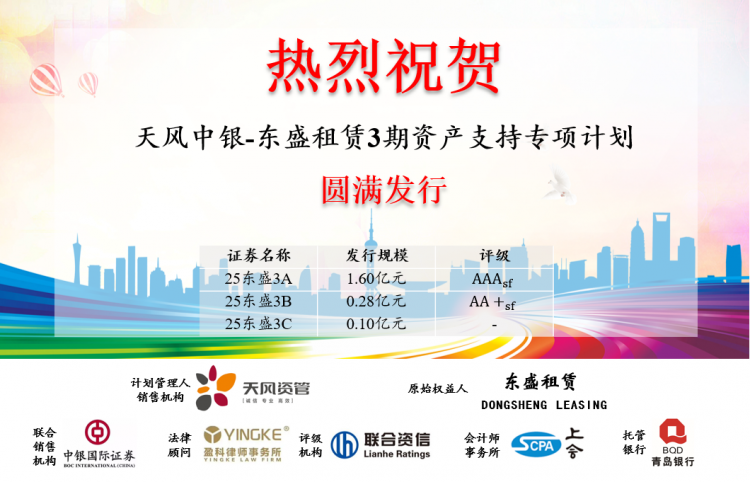 熱烈祝賀天風中銀-東盛租賃第3期資產(chǎn)支持專項計劃圓滿發(fā)行
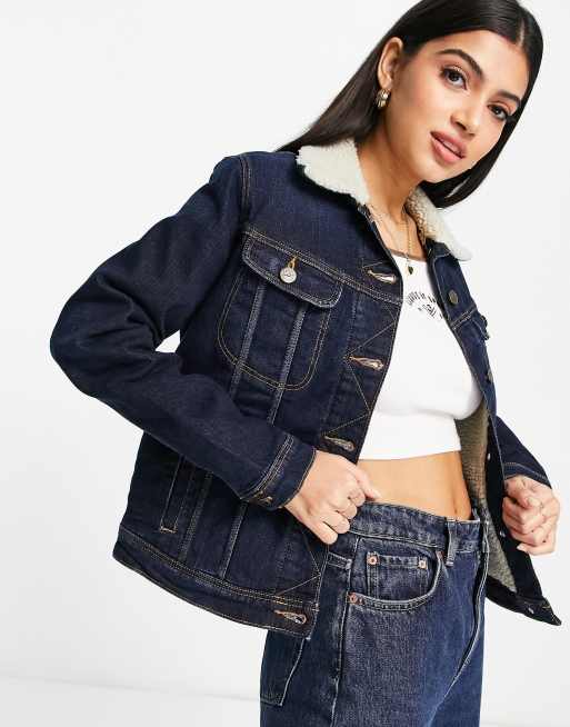 Lee Jeans sherpa denim jacket in dark wash blue Very well made.
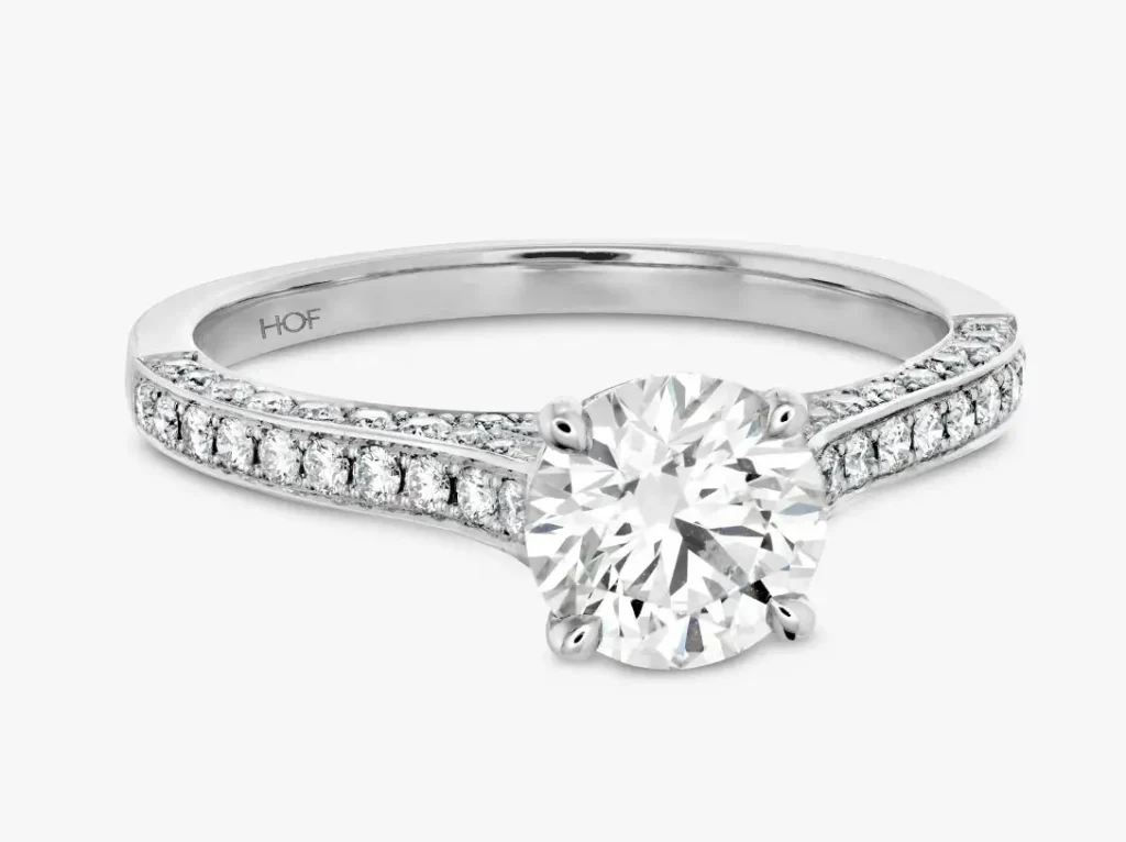 Pave (pronounced pah-vay) is a French word that means “paved.” Rings with pave bands look like they’ve been paved with diamonds—there is little visible metal, meaning maximum visible sparkle.
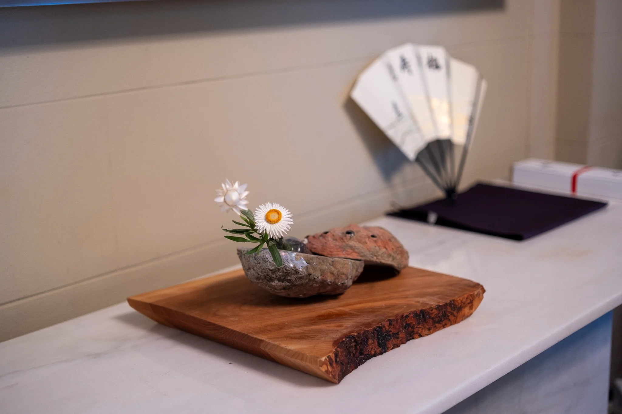 北加日米会の観桑庵内にある広間「臨和軒」での支部長席。
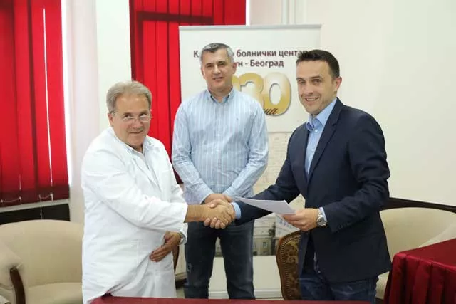 Potpisivanju ugovora o donaciji prisustvovali su Dejan Matić, predsednik Opštine Zemun, prof. dr Dragoš Stojanović, direktor KBC Zemun-Beograd i Nemanja Romandić, direktor kompanije Roma Company.
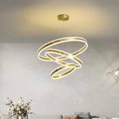 LIGHTAVERSE Chandelier for Living Room Modern 3 in 1 Light 3 Rings Gold Double LED Chandelier Hanging Ceiling LAMP - Warm White, Cool White & Natural White with Remote for Dimming The Light

---------------

◆ PROBLEM: Everything from the line above that contains "Pave (pronounced pah-vay)" down to the line that contains "北加日米会の観桑庵内にある広間「臨和軒」での支部長席。" must be reproduced exactly, both ends included. Omit the pictures.

◆ ANSWER BOX:
 Pave (pronounced pah-vay) is a French word that means “paved.” Rings with pave bands look like they’ve been paved with diamonds—there is little visible metal, meaning maximum visible sparkle.
 北加日米会の観桑庵内にある広間「臨和軒」での支部長席。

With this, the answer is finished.